When their daughter was in high school and fell in love with her best friend? She couldn’t tell them. Three and a half years later, when that best friend broke her heart? She couldn’t tell them. Instead, she kept it all locked inside. Now, it’s not that she was ashamed of herself or who she loved, she wasn’t. But she was absolutely terrified that the family she loved so much might not accept her. So, she never told them. That oh-so-important piece of her life, of her, she never showed them. And now, when their daughter is four months away from her college graduation, there is still a part of her that they don’t know.
My mother and I got in an argument over gay marriage while I was home for Christmas break. Things were said that hurt me, that made me bitter against not only her, but the church. I kept wondering, would she have said those horrible things to me had she known that she was talking about her daughter? Or does she suspect and was that her attempt to “scare” it out of me? I don’t know. But it hurt. It hurt and I was bitter.
I went for a run. It was cold, raining, and I was crying. My mind was running even faster than I was (not hard to do) – she was close-minded and intolerant, I would never be able to tell them, my mother wouldn’t want me to raise children, and the family I loved might cease to include me. A couple hours later, I returned home. I was on time for dinner, the whole family had managed to be present for this meal (a true feat in our home), and Mom and I acted like nothing ever happened. I was home for one more week and the argument was never mentioned. I went back to school, cried to a couple of my best friends about the incident, and moved on.
Then, two nights ago, I almost died. Driving down a dark, two-lane road on a Friday night, I saw lights in the distance. The truck was flying straight towards me and was in my lane. The road was wet and he wasn’t moving. He never slowed down and never got back into his lane. At the last second, I ran off the road and into a nearby field. The truck never stopped. I was terrified. Those ten seconds had seemed like a lifetime. For a moment, I honestly thought that I was about to meet my Savior. But my life had been spared. I was alive and I wanted to talk to my mom.

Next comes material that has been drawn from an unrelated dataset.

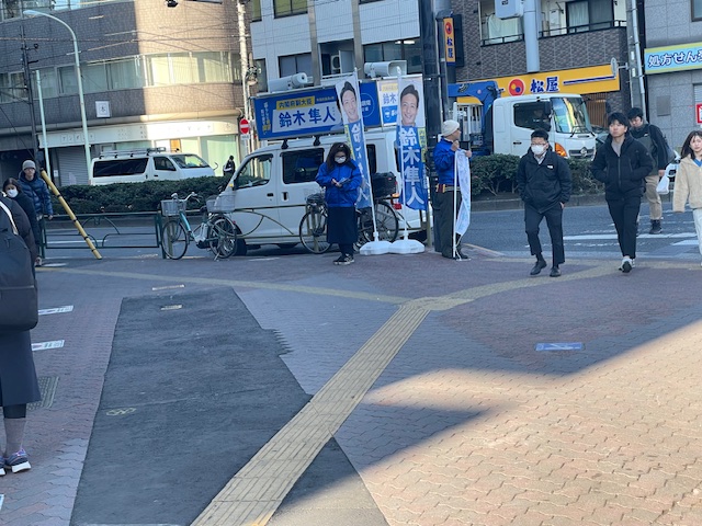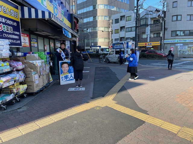 16時30分 鈴木隼人候補 本郷3丁目交差点での街頭演説会 お手伝い
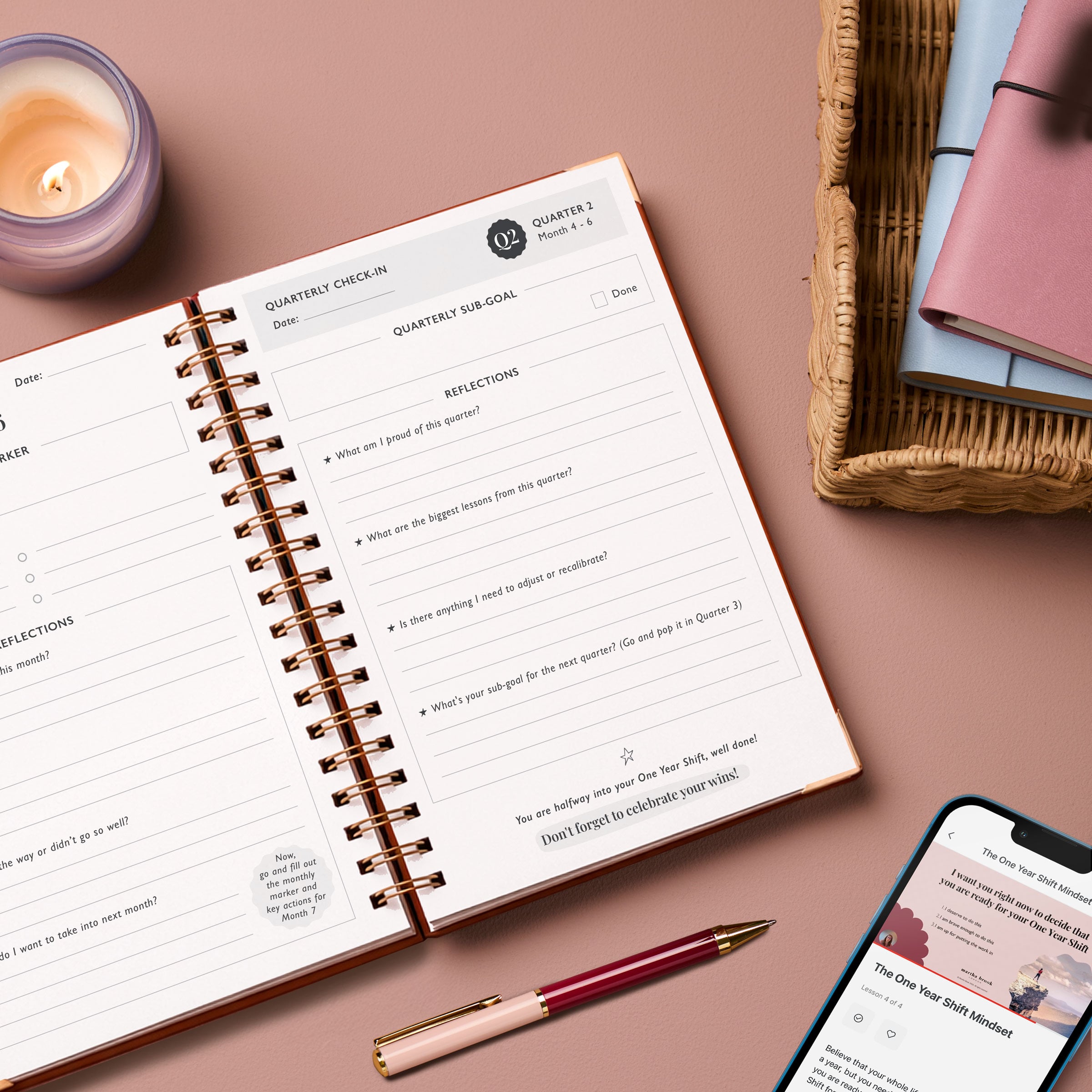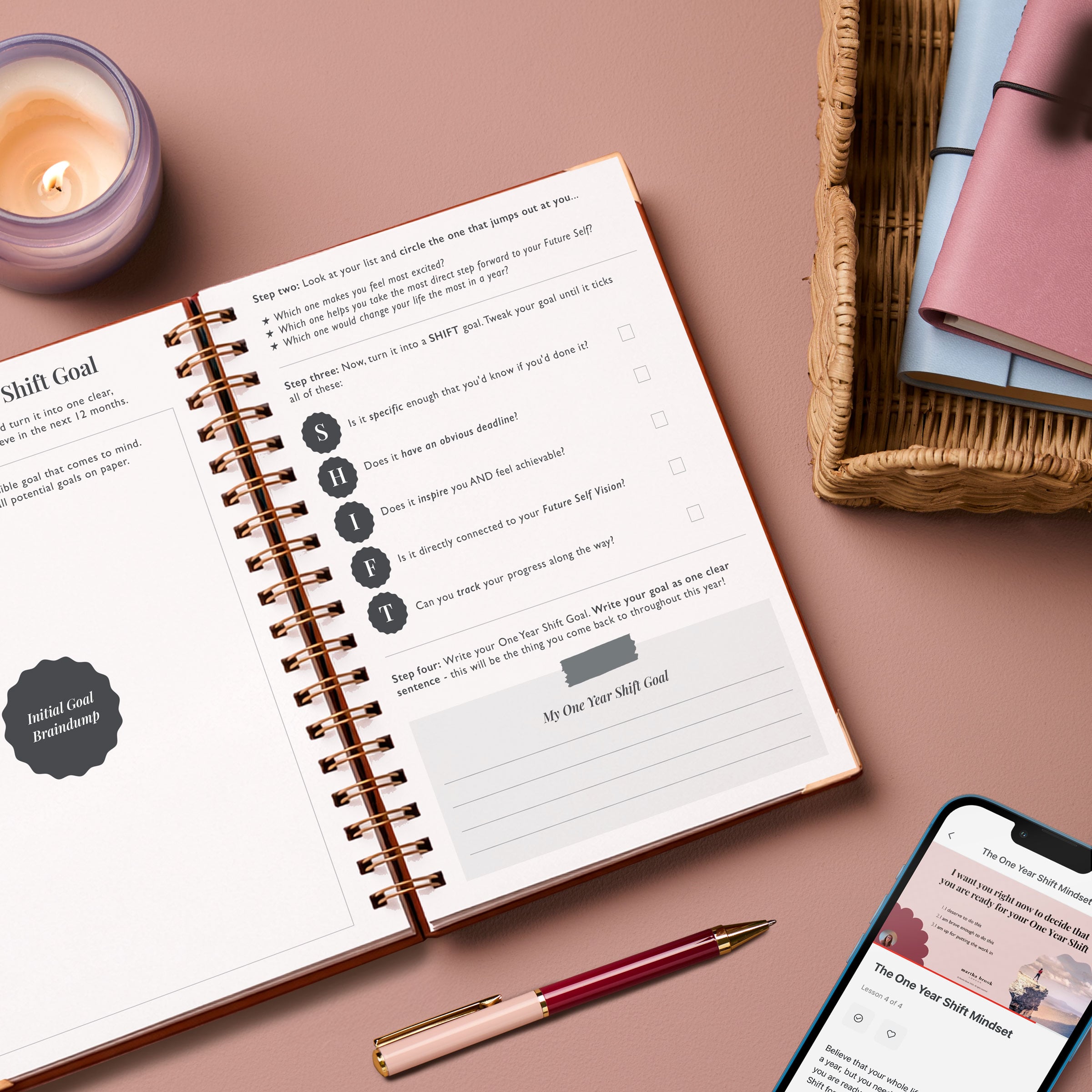 Before you begin The One Year Shift, make sure you have your very own One Year Shift Journal to hand! The ideal accompaniment to the course, the journal has been designed to be filled out as you move through each lesson.

She was the first and only person that I called. I hated the thought of what had been our last real conversation. Regardless of who I am or who she knows me to be, I know she loves me. And, in that moment, I just wanted her to know that I loved her too.
Life is hard. Life in the “closet” is even harder. In the future, I will fight with my parents. I will disagree with them. I will fall in love again and I will have a family. I dread the idea of “coming out” to my parents and I fear what impact it will have on our relationship. But regardless of how they react, how hurt I am, or how bitter I may become, I have to remember that we love one another.
The book of Proverbs says it best: “Boast not thyself of tomorrow, for thou knowest not what a day may bring forth.” I don’t know what lies ahead. But I do know that when I take my last breath (be it closeted or not), I want my parents to know I loved them.